Karabağ’a Mehmetçik desteğine itiraz etti.
Milli silahların geliştirilmesini, üretilmesini sabote etmeye çalıştı.
Sınırın ötesindeki terörle mücadele harekâtları için gereken tezkereyi reddetti. HDP’nin kapatılmasına karşı çıkarak sık sık açılım vaadinde bulundu.
FETÖ hükümlüsü ve zanlısı KHK’lıları devlete geri alma sözü verdi.
Anayasa’yı ve Cumhurbaşkanı’nı gayrı meşru göstererek ABD’nin kaos planlarına hizmet etti.

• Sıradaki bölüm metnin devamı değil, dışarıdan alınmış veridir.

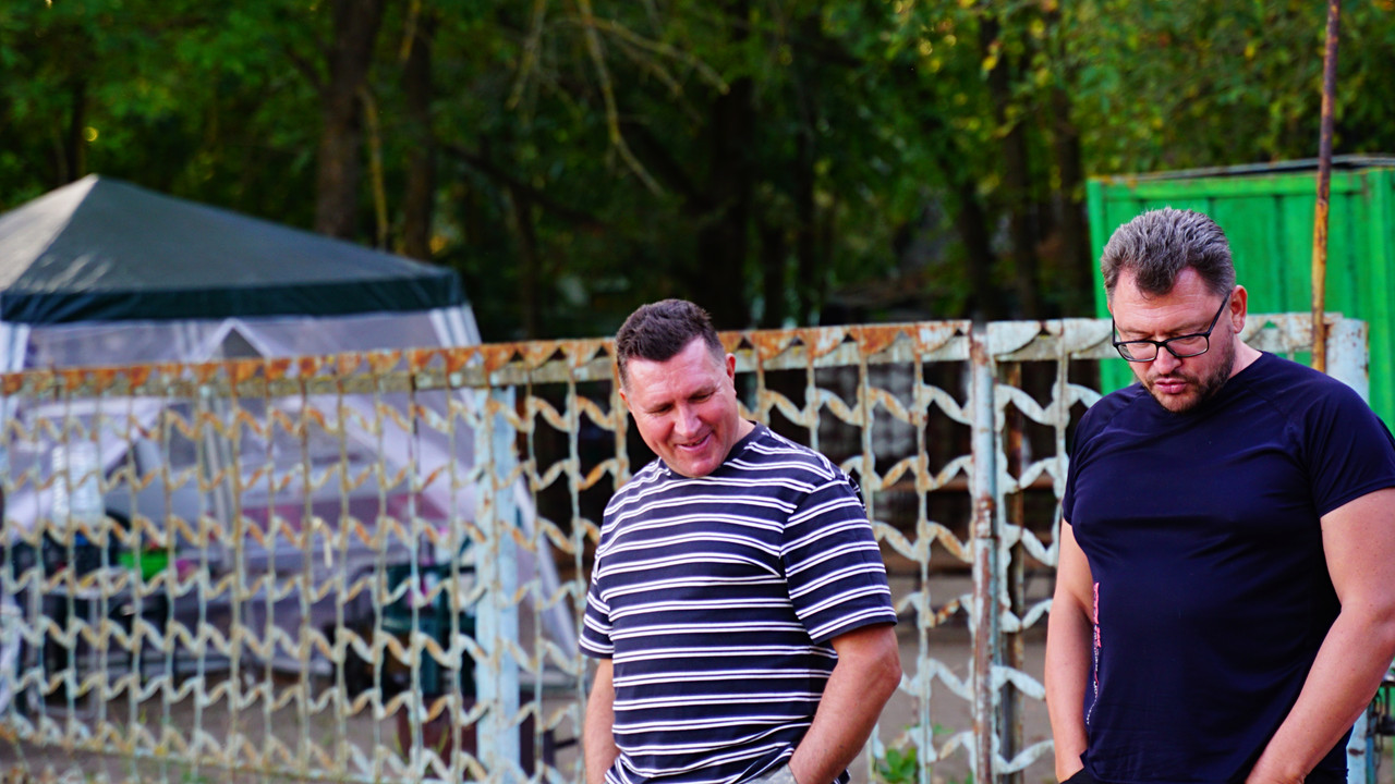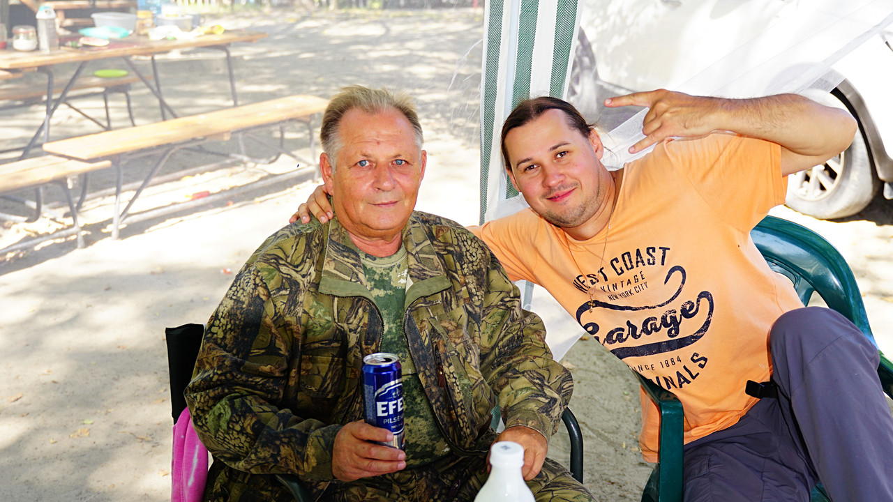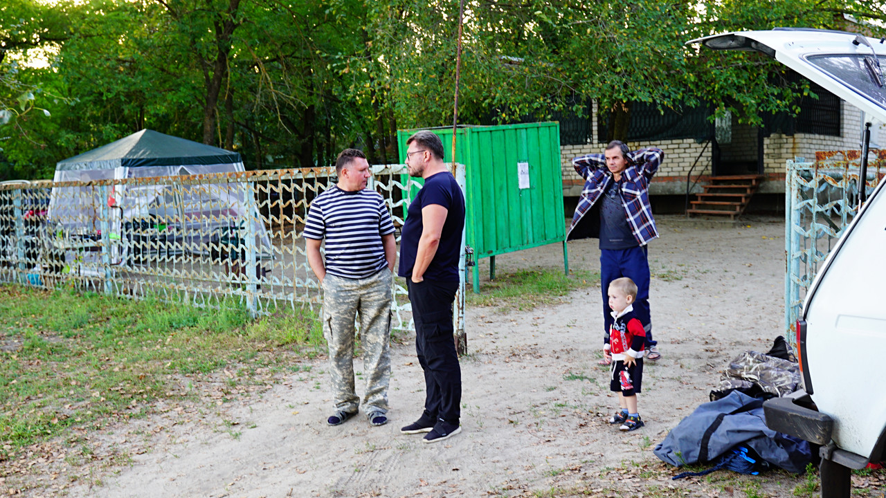 Добрались до места затемно, расположились, пройдясь по территории нашел и обнял почитай всех. Посидемши до полуночи у водомоторников решили баиньки, "завтра ж на рыбалку" (с). Утром выбегая на построение (хоть и заранее проснулся и ходил на регистрацию и снимал подтягивающихся) снять всех в строю, клац - и села батарейка (было очень прохладно).... твою ж ...........  пока сменил - снял не построение, а расхождение....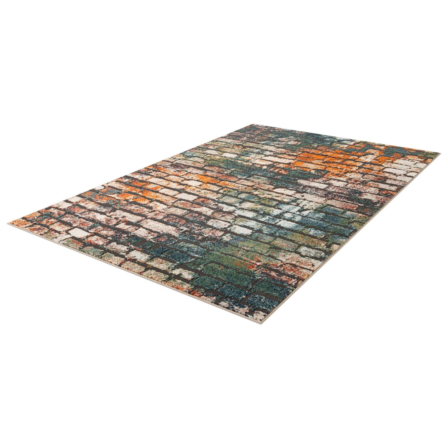A 5x8 rectangular multi-colored rug featuring a distressed brick wall pattern with shades of orange, green, blue, and white.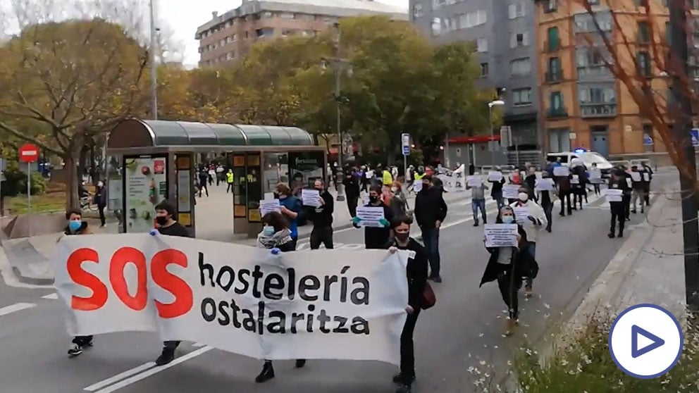 Los manifestantes, que han marchado en tres columnas para respetar la distancia de seguridad, han hecho el recorrido haciendo sonar silbatos y coreando consignas como ‘La hostelería no es la culpable’. Portaban carteles en los que se leían reivindicaciones como la paralización del pago de alquileres e hipotecas o el complemento al 100% de los salarios.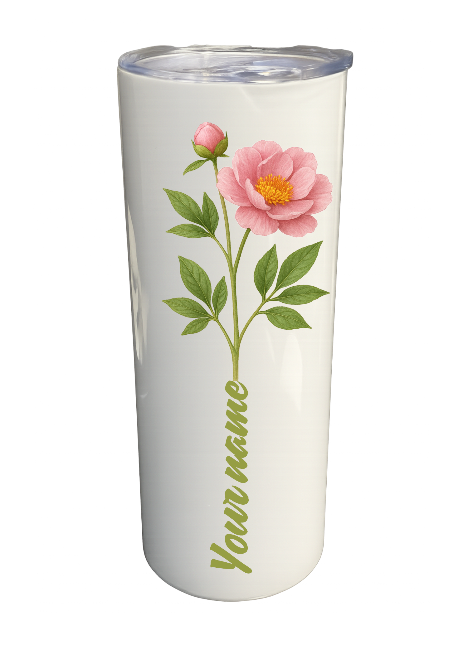 20 oz Insulated Stainless Steel Tumbler – Personalized “Peony” Travel Mug – Custom Cup Gift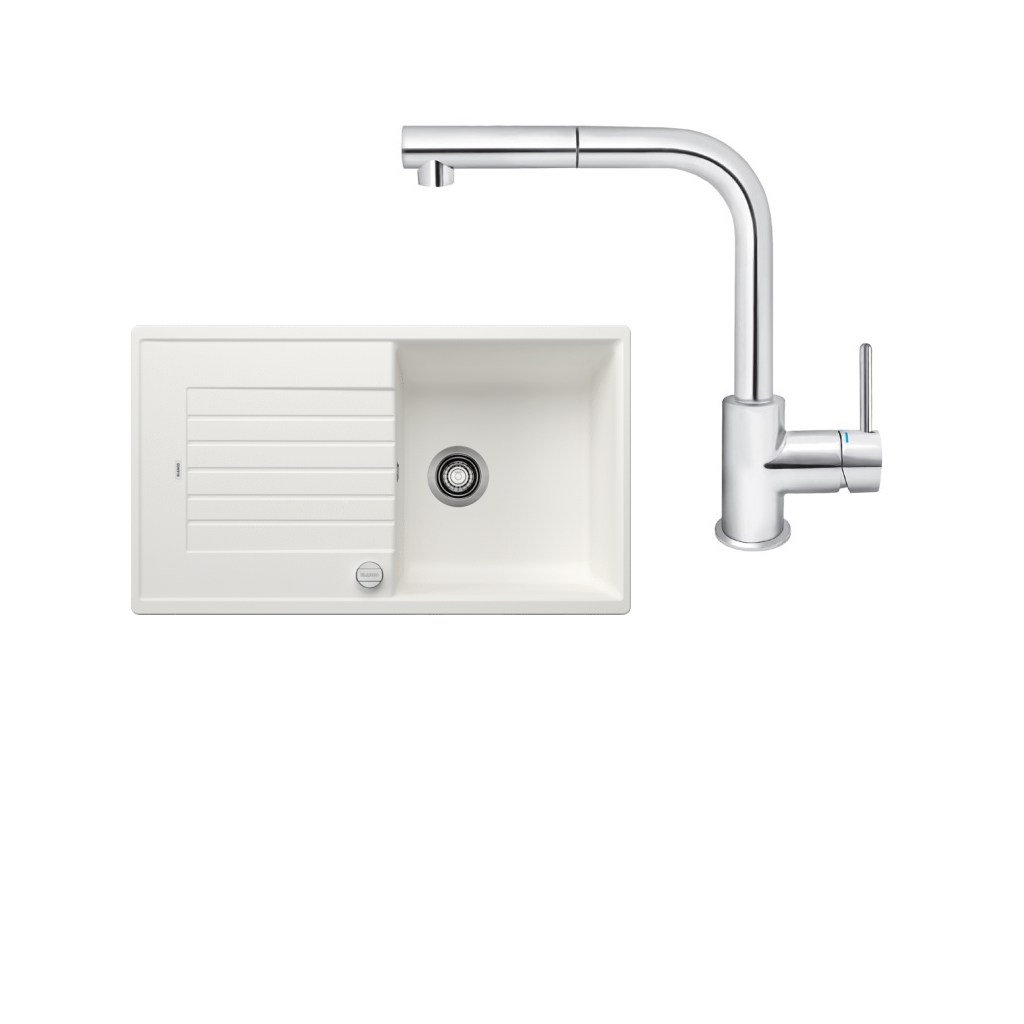 SET230 - Gránitový drez Blanco Zia 5 S biela + Kuchynská batéria Rosan Zerro JZ38601 chróm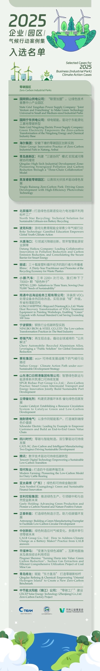 《2025企业(园区)气候行动案例集》收到了大量优质案例,体现了中国企业气候领域的坚定探索和显著成效。经专家评审后,北辰先进循环科技(青岛)有限公司的“打造绿色低碳退役动力电池循环利用标杆工厂等27个案例入选今年的案例集。
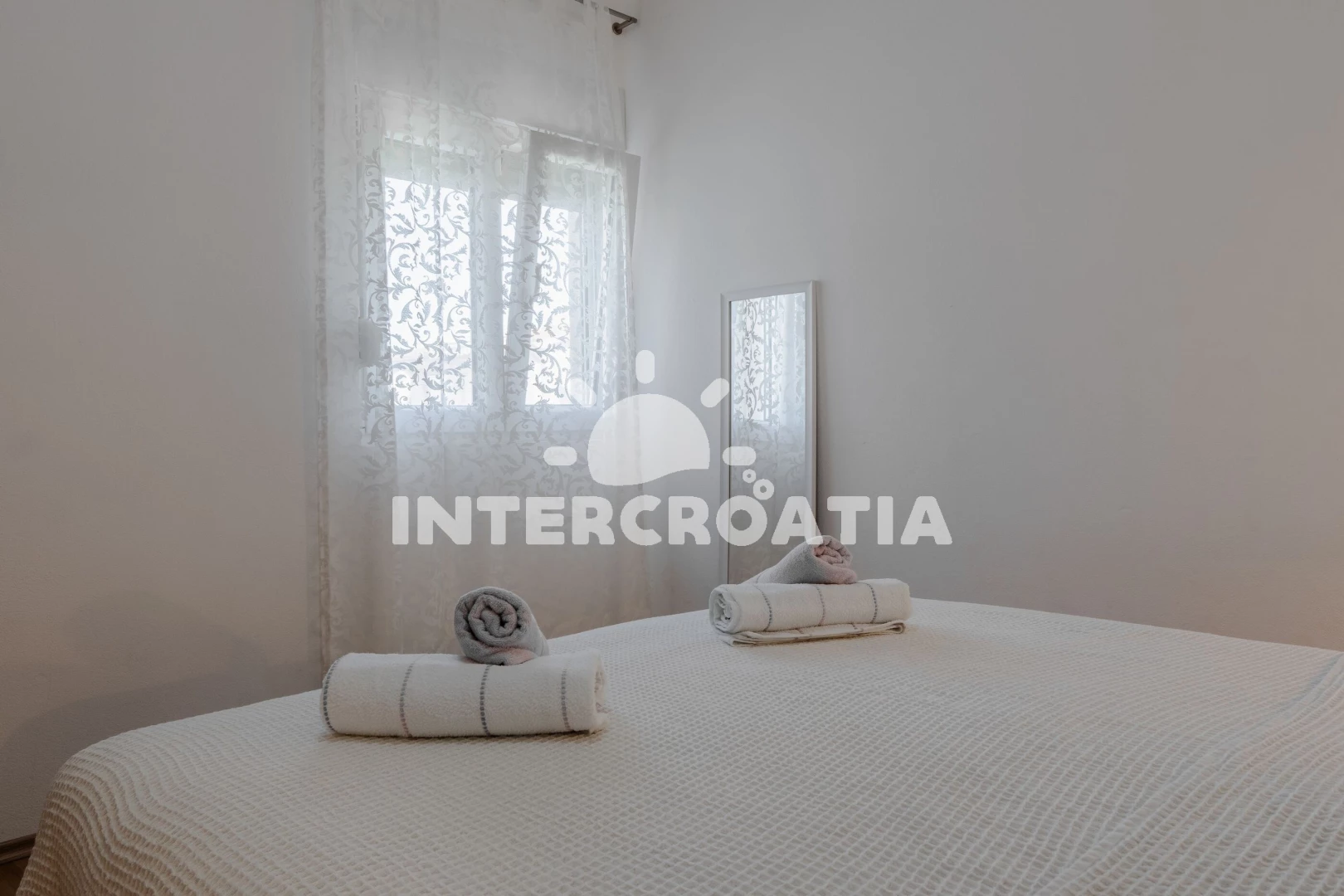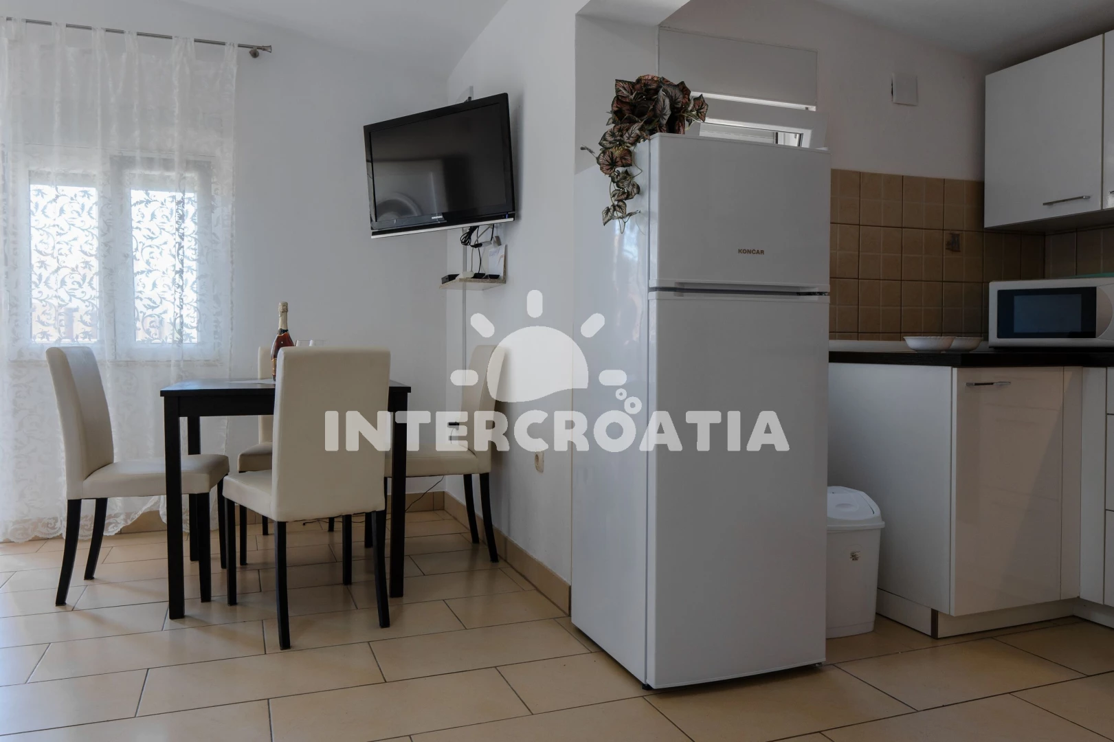 Apartmán se nachází 300 m od moře a pláže. Pláž je oblázková a betonové desky. U objektu je k dispozici společná zahrada s posezením a grilem. Parkování je před domem.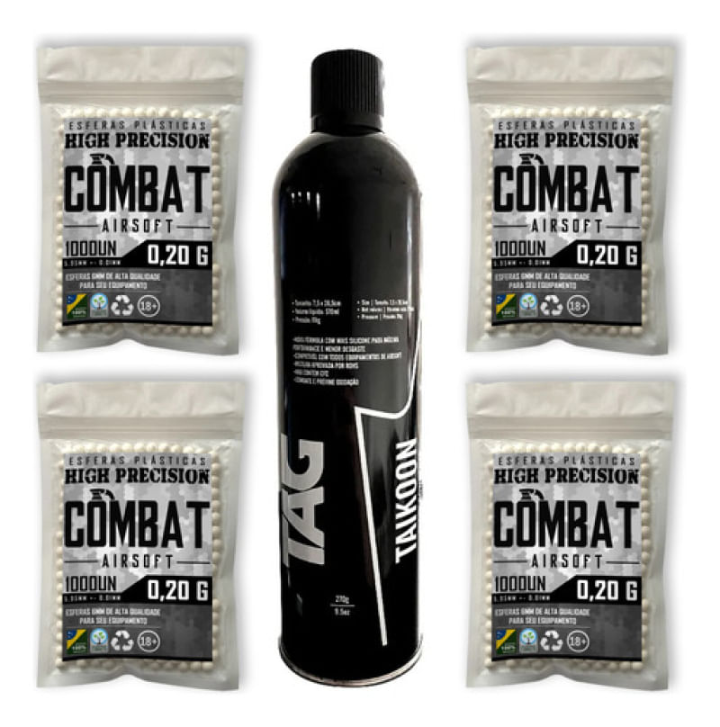 Kit Bbs Combat Airsoft 0.20g 4000un + Green Gas Taikoon Ntk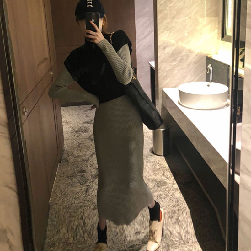 馬海毛網紅毛衣女2018新款針織開衫外套冷淡風針織吊帶連衣裙套裝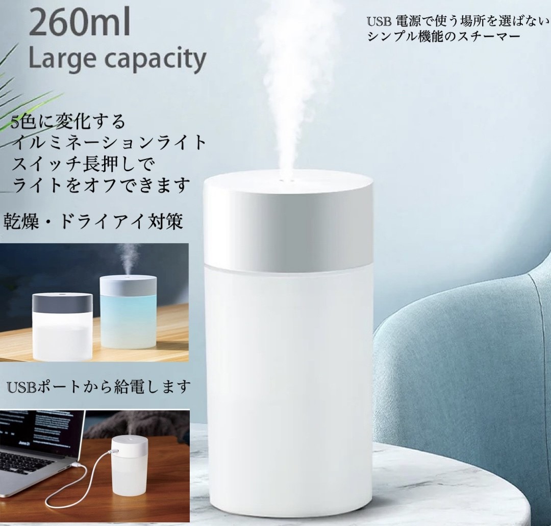 加湿器 卓上 除菌加湿器 ミニ アロマ加湿除菌 超音波式加湿器乾燥 乾燥 花粉症対策 LEDライト 260ML容量 USB充電式 デスク 車用 小型 加湿機 オフィス 寝室

 AMERİKANCI İKLİMİN MERKEZİ CHP

Ak Parti ise bu süreçte büyük oranda doğru mevzideydi.
Velhasıl, Ayşenur Aslan’ın ağzından dökülen Türk Mukavemet Teşkilatı ile ilgili düşmanca sözler, CHP’nin strateji ve siyasetlerinin bir yansıması. Millî dava karşıtlığının odak noktası CHP olmuşken, Amerikancı iklim oradan yayılırken işin kolayına kaçmak hem ucuzculuk hem de ikiyüzlülüktür. Ayrıca bu ucuzculuğun hala niçin yapıldığı ciddi bir soru işaretidir.
Atatürkçülük, vatanseverlik açısından asıl mesele ucuz siyasetlerden kurtulup cesurca bu gerçeğin etrafında saf tutmaktır. Yüreği yeten bunu yapsın.
Aydınlıkçılar, en başından beri rüzgarlara aldırış etmeden, halkı aldatmadan hakikati bildiriyor. Hesapsız kitapsız gözü kara vatanseverliği örgütlüyor.